# OCR with Google Tesseract
Reading legal PDFs with OCR

## Import libraries
Install dependencies

In [1]:
#!pip install pytesseract pdf2image

Import libraries

In [13]:
import requests
from pdf2image import convert_from_bytes
import pytesseract
import pandas as pd

## Data
Get caselaw data containing pdf URLs

In [3]:
data_path = "./data/caselaw_data.csv"
df = pd.read_csv(data_path)

A method for reading the PDF from URL

In [4]:
def get_pdf(url: str) -> bytes:
    """Fetches PDF based on URL."""
    response = requests.get(url)
    response.raise_for_status()
    
    return response.content

## Perform OCR
A method for converting PDF to images

In [5]:
def pdf2image(pdf_path: str, dpi=150) -> list: return convert_from_bytes(pdf_path, dpi)

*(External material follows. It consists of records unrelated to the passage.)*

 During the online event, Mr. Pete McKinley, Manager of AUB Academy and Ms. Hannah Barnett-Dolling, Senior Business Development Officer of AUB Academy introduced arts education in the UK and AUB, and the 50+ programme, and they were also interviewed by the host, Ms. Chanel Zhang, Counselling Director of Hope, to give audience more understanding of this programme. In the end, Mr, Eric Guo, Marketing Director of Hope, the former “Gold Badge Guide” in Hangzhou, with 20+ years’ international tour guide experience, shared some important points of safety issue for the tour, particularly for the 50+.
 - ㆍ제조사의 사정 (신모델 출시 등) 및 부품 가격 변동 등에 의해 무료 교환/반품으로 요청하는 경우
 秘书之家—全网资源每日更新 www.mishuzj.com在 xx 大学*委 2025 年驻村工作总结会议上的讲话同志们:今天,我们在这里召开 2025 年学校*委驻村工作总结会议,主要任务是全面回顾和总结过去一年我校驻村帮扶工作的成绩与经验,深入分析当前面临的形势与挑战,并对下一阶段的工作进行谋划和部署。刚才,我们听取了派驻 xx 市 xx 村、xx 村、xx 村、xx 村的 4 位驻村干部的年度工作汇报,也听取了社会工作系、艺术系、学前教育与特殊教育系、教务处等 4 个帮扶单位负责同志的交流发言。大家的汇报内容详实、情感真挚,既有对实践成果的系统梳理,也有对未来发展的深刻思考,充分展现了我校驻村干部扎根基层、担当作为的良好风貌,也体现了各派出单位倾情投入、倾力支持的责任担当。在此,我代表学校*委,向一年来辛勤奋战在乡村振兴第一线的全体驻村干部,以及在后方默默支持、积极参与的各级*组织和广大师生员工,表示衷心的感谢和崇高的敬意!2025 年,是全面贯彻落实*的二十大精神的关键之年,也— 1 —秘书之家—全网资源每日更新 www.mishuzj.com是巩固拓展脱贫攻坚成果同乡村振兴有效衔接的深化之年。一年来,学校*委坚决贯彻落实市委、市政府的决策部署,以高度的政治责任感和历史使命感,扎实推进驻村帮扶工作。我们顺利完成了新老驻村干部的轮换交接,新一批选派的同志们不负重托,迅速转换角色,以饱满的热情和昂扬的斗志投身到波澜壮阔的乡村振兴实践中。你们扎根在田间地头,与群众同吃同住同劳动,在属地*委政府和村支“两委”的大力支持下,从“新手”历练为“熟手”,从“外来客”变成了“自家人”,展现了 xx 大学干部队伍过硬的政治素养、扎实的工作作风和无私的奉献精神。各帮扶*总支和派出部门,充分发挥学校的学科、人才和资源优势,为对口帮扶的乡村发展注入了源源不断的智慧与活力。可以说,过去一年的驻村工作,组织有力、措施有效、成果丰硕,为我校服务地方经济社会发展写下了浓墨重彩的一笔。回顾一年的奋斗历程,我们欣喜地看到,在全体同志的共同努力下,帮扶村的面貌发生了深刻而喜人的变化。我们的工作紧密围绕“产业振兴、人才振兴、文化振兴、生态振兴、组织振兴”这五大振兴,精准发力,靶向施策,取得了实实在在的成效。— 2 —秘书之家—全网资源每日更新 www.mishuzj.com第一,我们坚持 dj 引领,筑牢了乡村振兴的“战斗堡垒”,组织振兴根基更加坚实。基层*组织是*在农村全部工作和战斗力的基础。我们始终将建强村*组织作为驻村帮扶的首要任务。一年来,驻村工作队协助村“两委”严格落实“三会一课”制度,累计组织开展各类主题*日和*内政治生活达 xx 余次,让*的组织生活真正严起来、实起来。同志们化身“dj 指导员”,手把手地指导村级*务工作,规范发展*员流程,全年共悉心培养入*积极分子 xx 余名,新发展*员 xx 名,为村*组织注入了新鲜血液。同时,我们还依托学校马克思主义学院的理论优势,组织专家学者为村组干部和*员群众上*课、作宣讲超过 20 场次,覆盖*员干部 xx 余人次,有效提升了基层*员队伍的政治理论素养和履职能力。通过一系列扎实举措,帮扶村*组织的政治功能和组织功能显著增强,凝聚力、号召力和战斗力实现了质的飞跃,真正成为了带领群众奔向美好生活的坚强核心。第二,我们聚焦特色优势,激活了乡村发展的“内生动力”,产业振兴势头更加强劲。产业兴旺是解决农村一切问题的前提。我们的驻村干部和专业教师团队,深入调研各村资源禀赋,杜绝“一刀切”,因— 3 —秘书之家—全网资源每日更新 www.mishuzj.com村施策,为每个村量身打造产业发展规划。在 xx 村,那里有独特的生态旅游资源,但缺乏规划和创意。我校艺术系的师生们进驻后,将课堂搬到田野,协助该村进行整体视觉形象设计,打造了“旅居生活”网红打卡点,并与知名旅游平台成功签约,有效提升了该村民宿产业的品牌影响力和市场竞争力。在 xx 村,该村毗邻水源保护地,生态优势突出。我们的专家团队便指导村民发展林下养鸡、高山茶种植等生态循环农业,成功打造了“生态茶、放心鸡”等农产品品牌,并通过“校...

A method for converting images into text

In [6]:
def images2text(images: list, verbose=False) -> str:
    """Converts images into text with Google's Tesseract."""
    pages_text = []
    for page_number, img in enumerate(images, start=1):
        text = pytesseract.image_to_string(img)
        pages_text.append(text)
        if verbose: print(f"Processed page {page_number}")

    return "\n".join(pages_text)

Extract text from PDFs

In [7]:
document_texts = []
for idx, pdf_url in enumerate(df["pdf_url"], start=1):
    pdf = get_pdf(pdf_url)
    images = pdf2image(pdf)
    text = images2text(images)
    document_texts.append(text)
    print(f"({idx}/{len(df)}) Processed pdf: {pdf_url}")

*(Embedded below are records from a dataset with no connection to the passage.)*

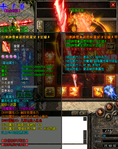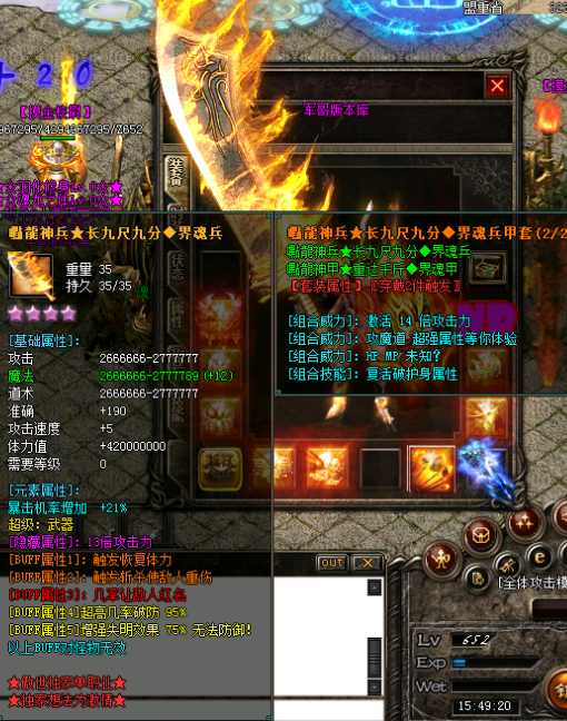 - 装备模式:套装属性强大,神秘神器装备,后期分打怪类装备,PK类装备。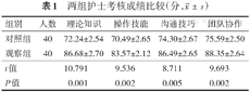 在理论知识、操作技能、沟通技巧与团队协作考核成绩比较上,观察组均高于对照组(P<0.05),见表1。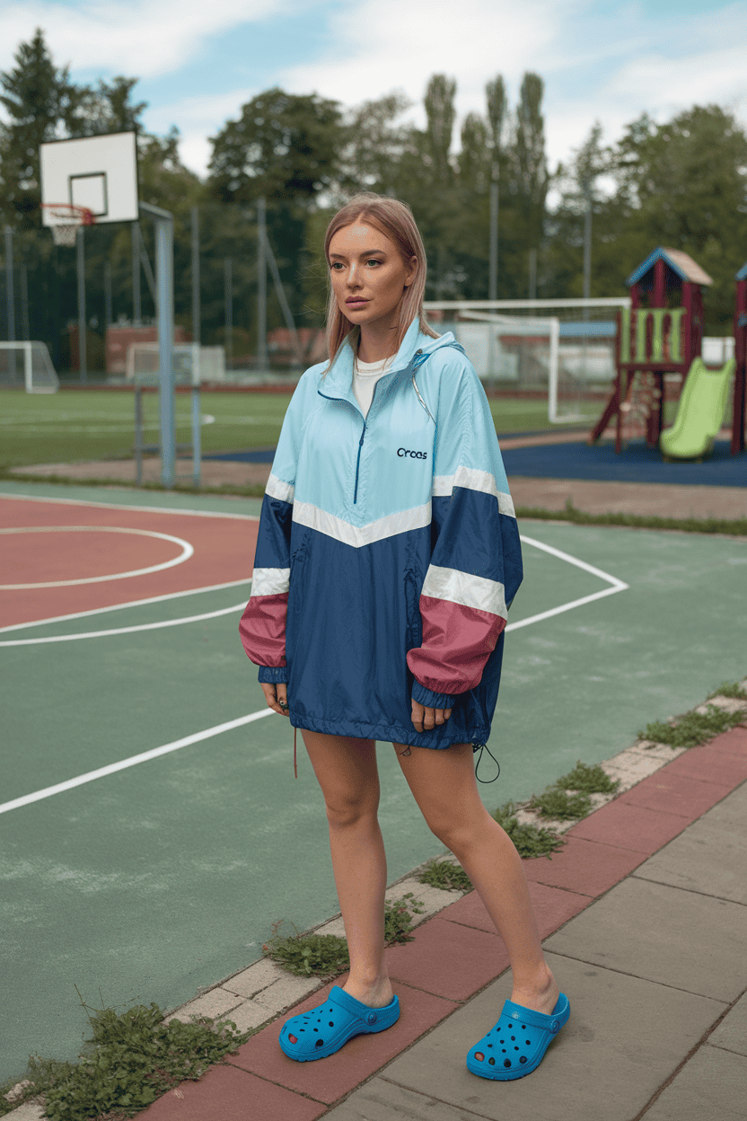 Pair a sporty windbreaker with Crocs sandals for a laid-back, on-the-go vibe. This combo is a lifesaver on cool days when you want something light.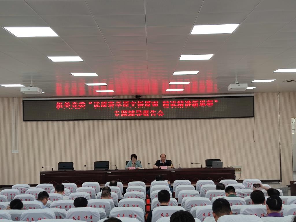 为进一步推进主题教育走深走实,6月7日下午,机关党委在逸夫楼第二会议室召开主题教育工作推进会暨专题辅导报告会。会议由党委组织部部长、机关党委书记陈啸吟主持,机关全体人员参加会议。会上,邀请马克思主义学院李玉才教授作“读原著学原文悟原理 精读精讲新思想”专题辅导报告。李玉才教授就《习近平著作选读》(第...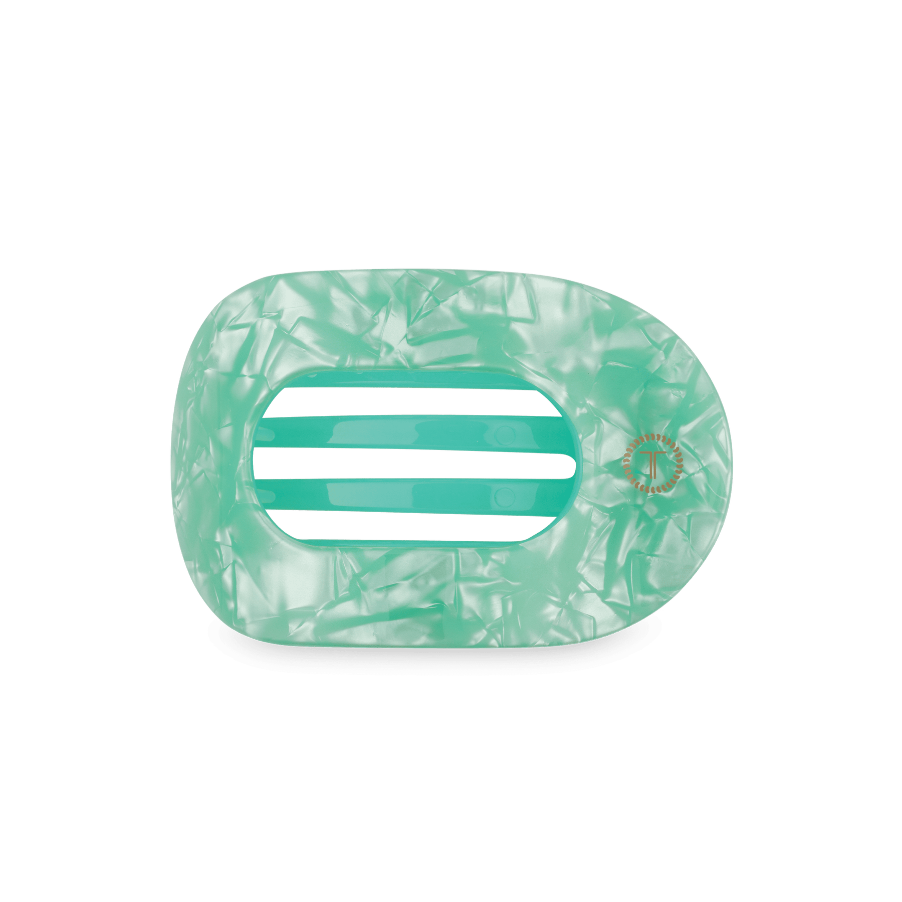 Lay flat and relax with the new TELETIES Spring Splash Medium Flat Round Hair Clip in Green. This hair clip is designed to allow you to lay back flat, do yoga, or sit comfortably in a seat with a headrest, and it is made with the same material that is nearly unbreakable.

(1/50) Processed pdf: https://static.case.law/ala/295.pdf
(2/50) Processed pdf: https://static.case.law/alaska/17.pdf
(3/50) Processed pdf: https://static.case.law/ariz/242.pdf
(4/50) Processed pdf: https://static.case.law/ark/375.pdf
(5/50) Processed pdf: https://static.case.law/cal/220.pdf
(6/50) Processed pdf: https://static.case.law/colo/200.pdf
(7/50) Processed pdf: https://static.case.law/conn/303.pdf
(8/50) Processed pdf: https://static.case.law/del/59.pdf
(9/50) Processed pdf: https://static.case.law/fla/160.pdf
(10/50) Processed pdf: https://static.case.law/ga/302.pdf
(11/50) Processed pdf: https://static.case.law/haw/140.pdf
(12/50) Processed pdf: https://static.case.law/idaho/162.pdf
(13/50) Processed pdf: https://static.case.law/ill/415.pdf
(14/50) Processed pdf: https://static.case.law/ind/275.pdf
(15/50) Processed pdf: https://static.case.law/iowa/261.pdf
(16/50) Processed pdf: https://static.case.law/kan/304.pdf
(17/50) Processed pdf: https://static.case.law/ky/314.pdf
(

Store the text into dataframe

In [8]:
df["text"] = document_texts

Save the dataframe locally

In [9]:
data_path = "./data/caselaw_data_text.csv"
df.to_csv(data_path, index=False)

## Save the dataset into Hugging Face
Login to HuggingFace (run `huggingface-cli login` with HuggingFace client)

Convert `pd.DataFrame` into HuggingFace `Dataset`

In [14]:
from datasets import Dataset

dataset = Dataset.from_pandas(df)

Push to hub

In [15]:
username = "Juh6973" # Your username here
dataset_name = "caselaw_latest_volumes_by_state"
dataset.push_to_hub(f"{username}/{dataset_name}")

Uploading the dataset shards:   0%|          | 0/1 [00:00<?, ?it/s]

Creating parquet from Arrow format:   0%|          | 0/1 [00:00<?, ?ba/s]

CommitInfo(commit_url='https://huggingface.co/datasets/Juh6973/caselaw_latest_volumes_by_state/commit/0a345201f1a14c82b2d233263eca50815bc988cf', commit_message='Upload dataset', commit_description='', oid='0a345201f1a14c82b2d233263eca50815bc988cf', pr_url=None, repo_url=RepoUrl('https://huggingface.co/datasets/Juh6973/caselaw_latest_volumes_by_state', endpoint='https://huggingface.co', repo_type='dataset', repo_id='Juh6973/caselaw_latest_volumes_by_state'), pr_revision=None, pr_num=None)